[[ MATERIAL SHOWN open ]]

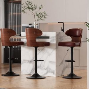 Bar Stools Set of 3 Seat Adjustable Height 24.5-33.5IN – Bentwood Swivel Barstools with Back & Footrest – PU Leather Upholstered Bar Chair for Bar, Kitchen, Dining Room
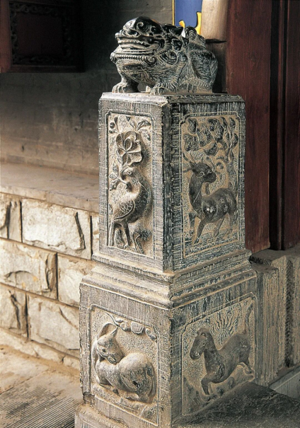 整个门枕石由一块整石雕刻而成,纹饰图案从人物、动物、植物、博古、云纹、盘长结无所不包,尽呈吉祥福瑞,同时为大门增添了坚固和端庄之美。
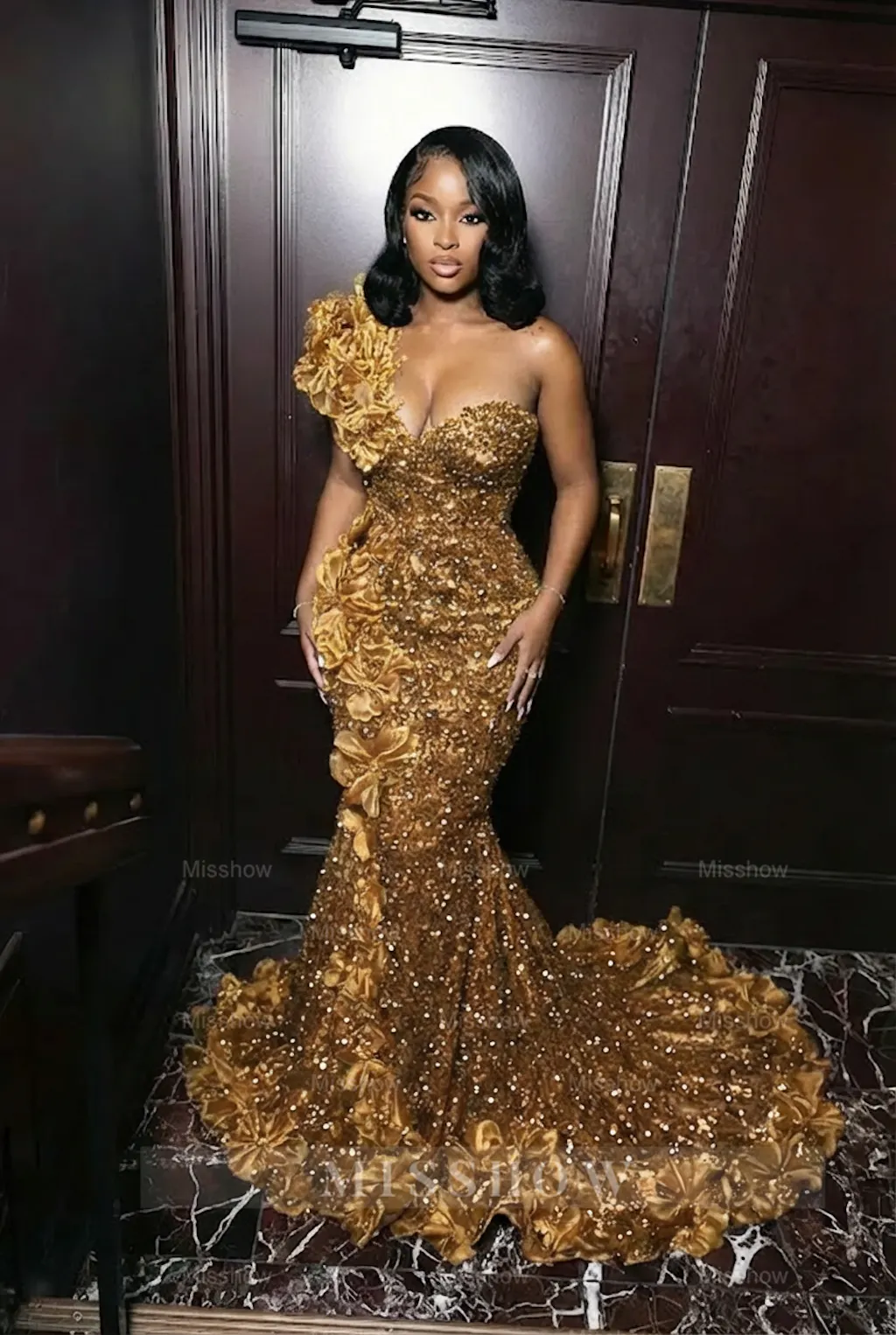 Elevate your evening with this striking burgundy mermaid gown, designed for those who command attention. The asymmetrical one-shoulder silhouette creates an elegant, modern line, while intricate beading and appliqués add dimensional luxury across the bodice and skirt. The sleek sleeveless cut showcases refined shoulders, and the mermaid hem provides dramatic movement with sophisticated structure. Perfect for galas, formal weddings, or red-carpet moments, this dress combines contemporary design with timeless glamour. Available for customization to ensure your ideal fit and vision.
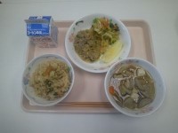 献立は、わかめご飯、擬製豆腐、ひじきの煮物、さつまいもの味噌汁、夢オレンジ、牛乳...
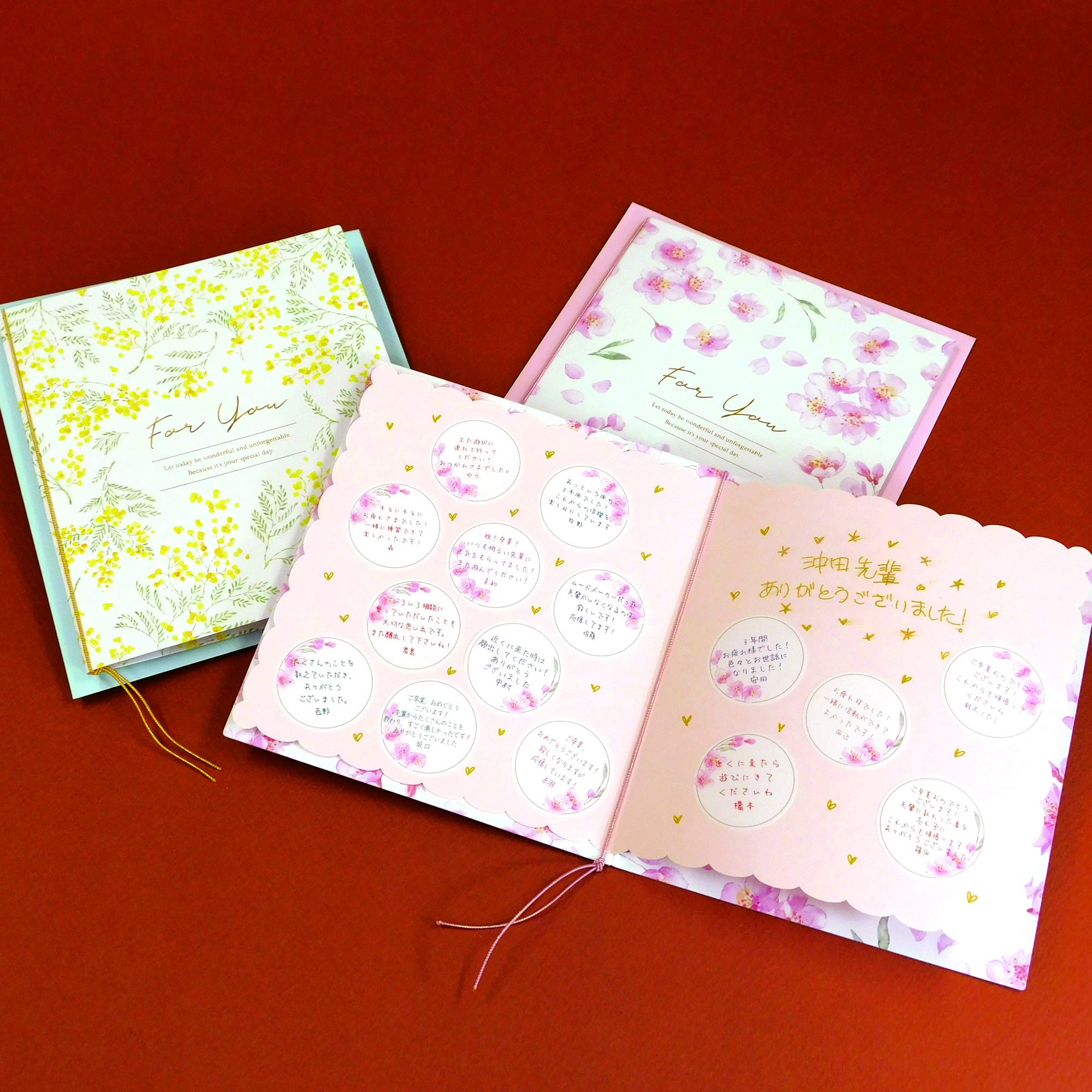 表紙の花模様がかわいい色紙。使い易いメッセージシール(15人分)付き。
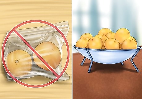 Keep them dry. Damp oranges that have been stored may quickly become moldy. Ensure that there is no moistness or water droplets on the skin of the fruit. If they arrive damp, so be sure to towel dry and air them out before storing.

[[ MATERIAL SHOWN closed ]]

An exact transcription of the data above is needed, without the pictures.

 Bar Stools Set of 3 Seat Adjustable Height 24.5-33.5IN – Bentwood Swivel Barstools with Back & Footrest – PU Leather Upholstered Bar Chair for Bar, Kitchen, Dining Room
 整个门枕石由一块整石雕刻而成,纹饰图案从人物、动物、植物、博古、云纹、盘长结无所不包,尽呈吉祥福瑞,同时为大门增添了坚固和端庄之美。
 Elevate your evening with this striking burgundy mermaid gown, designed for those who command attention. The asymmetrical one-shoulder silhouette creates an elegant, modern line, while intricate beading and appliqués add dimensional luxury across the bodice and skirt. The sleek sleeveless cut showcases refined shoulders, and the mermaid hem provides dramatic movement with sophisticated structure. Perfect for galas, formal weddings, or red-carpet moments, this dress combines contemporary design with timeless glamour. Available for customization to ensure your ideal fit and vision.
 献立は、わかめご飯、擬製豆腐、ひじきの煮物、さつまいもの味噌汁、夢オレンジ、牛乳...
 表紙の花模様がかわいい色紙。使い易いメッセージシール(15人分)付き。
 Keep them dry. Damp oranges that have been stored may quickly become moldy. Ensure that there is no moistness or water droplets on the skin of the fruit. If they arrive damp, so be sure to towel dry and air them out before storing.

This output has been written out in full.